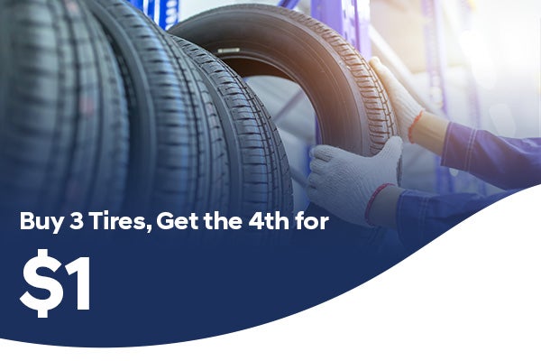 Plus tax and applicable fees. Valid with purchase of three qualifying in-stock tires only. May not combine with any other offer. Must present coupon at time of purchase. See dealer for details.
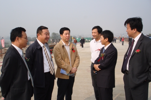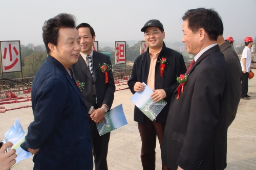5董事長(zhǎng) 黨委書(shū)記梁卓仁 總經(jīng)理孫國(guó)強(qiáng) 一公司經(jīng)理方嘉煊項(xiàng)目公司經(jīng)理李寶鋒 書(shū)記謝騰文 與湘潭市委書(shū)記陳潤(rùn)兒在大橋工地
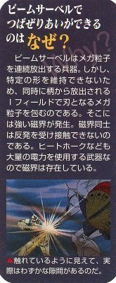 iフィールド自体がミノフスキー粒子を流用した技術だから、実際にはビーム同士をぶつけても突き抜けるよ。
····················
• EXERCISE BRIEF:
With pictures excluded, restate word for word the lines from the one that contains "5董事長(zhǎng) 黨委書(shū)記梁卓仁 總經(jīng)理孫國(guó)強(qiáng)" through the end of the material, inclusive, and nothing more.

• WRITTEN RESPONSE:
5董事長(zhǎng) 黨委書(shū)記梁卓仁 總經(jīng)理孫國(guó)強(qiáng) 一公司經(jīng)理方嘉煊項(xiàng)目公司經(jīng)理李寶鋒 書(shū)記謝騰文 與湘潭市委書(shū)記陳潤(rùn)兒在大橋工地
 iフィールド自体がミノフスキー粒子を流用した技術だから、実際にはビーム同士をぶつけても突き抜けるよ。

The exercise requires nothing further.